While Slack's business is around the same size as Bumble’s by revenue, it was just a division of a larger company, representing 5% of Salesforce’s annual sales. In her new job at Bumble, she’ll be running a public company.
“My immediate connection is to the mission,” Jones says of her decision to take the Bumble job. "I looked at Whitney this morning and said, 'Wow, from the youngest woman to take a company public to an immigrant that came here on a scholarship—this is what Bumble is is all about.'"

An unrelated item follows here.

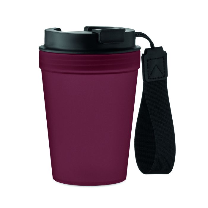 Pahar cu un singur perete din PP, curea din poliester RPET. Fără scurgeri. Capacitate: 300 ml. Deoarece acesta este un pahar cu un singur perete, se poate produce în continuare transfer de căldură.
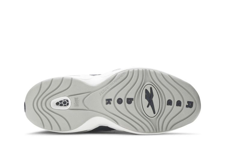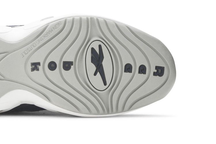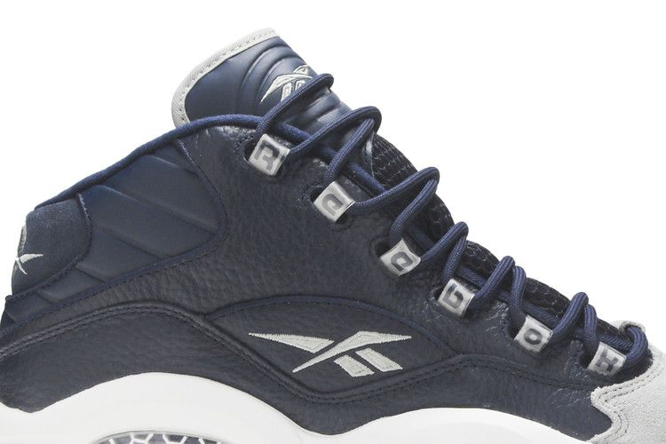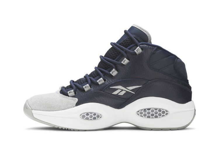 Question Mid 'Georgetown' возвращает дебютные фирменные кроссовки Аллена Айверсона в знакомой цветовой гамме, которая отсылает к альма-матер спортсмена. Верхняя часть кроссовок выполнена из галтованной кожи цвета Faux Indigo и дополнена элементами брендинга и замшевой крышкой носка нейтрального серого цвета. Верх кроссовок опирается на белую подошву из пеноматериала, оснащенную системой амортизации Hexalite от Reebok, которая обеспечивает высокую чувствительность при движении по асфальту.

Jones has spent the past year integrating new AI-powered workflows into Slack and said she plans to incorporate more AI into Bumble’s apps as well. Wolfe Herd has said the technology can be used to help people learn how to flirt via a chatbot, or to place users’ best-performing photos first.
As an immigrant to the U.S., Jones also sees the potential for Bumble to grow its business internationally. “I think that’s an exciting area of opportunity,” she says.
The next decade
Jones takes over a company navigating a tough period for the dating app-industry. Bumble’s stock, which traded at around $70 on the day of its 2021 IPO, has fallen to around $13. The share price fell slightly Monday morning on the news of the leadership transition. “Wall Street does what Wall Street does,” Wolfe Herd says. “I don't spend my time thinking about the stock.”

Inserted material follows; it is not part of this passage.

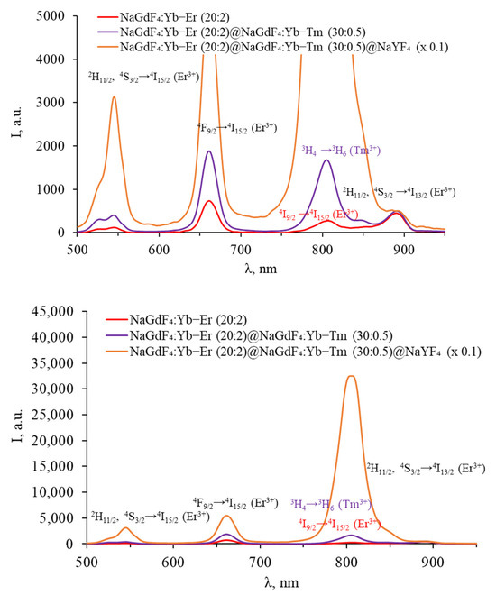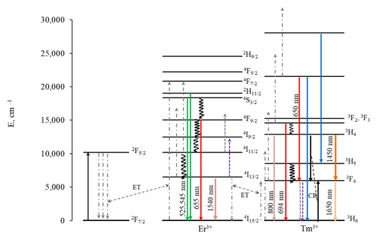 Er3+ and Tm3+ ions are promising for obtaining multicolor luminescence in various spectral ranges because their matching energy levels enable several resonant and non-resonant energy transfers and corresponding spectral tuning. To control the luminescence spectrum, it is necessary to optimize the interactions between ions in such a way that certain transitions are stimulated or suppressed [54]. The successful modulation of the VIS Er3+ emission for the Er3+–Tm3+ ion pair has been realized. After the introduction of Tm3+, the green emission of Er3+ (2H11/2 → 4I15/2, 4S3/2 → 4I15/2) decreased, while the red emission (4F9/2 → 4I15/2) increased due to the presence of the cross-relaxation process 3F4 (Tm3+) + 4I11/2 (Er3+) → 3H6 (Tm3+) + 4F9/2 (Er3+) [55]. This hypothesis was confirmed by a kinetic model that provided microscopic insight into the energy transfer pathways leading to spectrally pure emission in multi-doped UCNPs [56,57].

At 34, Wolfe Herd says she’s instead thinking about the next decade for Bumble and for herself. While Bumble has been all about connection between people, she wants to expand its mandate to include users’ relationships with themselves. “The world needs connection and self-love and confidence more than ever before,” she says. “They have low self-esteem, they have low confidence, they don’t love themselves. If you think about chipping away at that, the [total addressable market] not only grows exponentially but the impact on the planet becomes transformational.”
Even if she spends the next decade focused on that mission, Wolfe Herd will still have decades ahead of her. “I dream really big,” she says of her plans beyond Bumble, “and I’ll leave it at that.”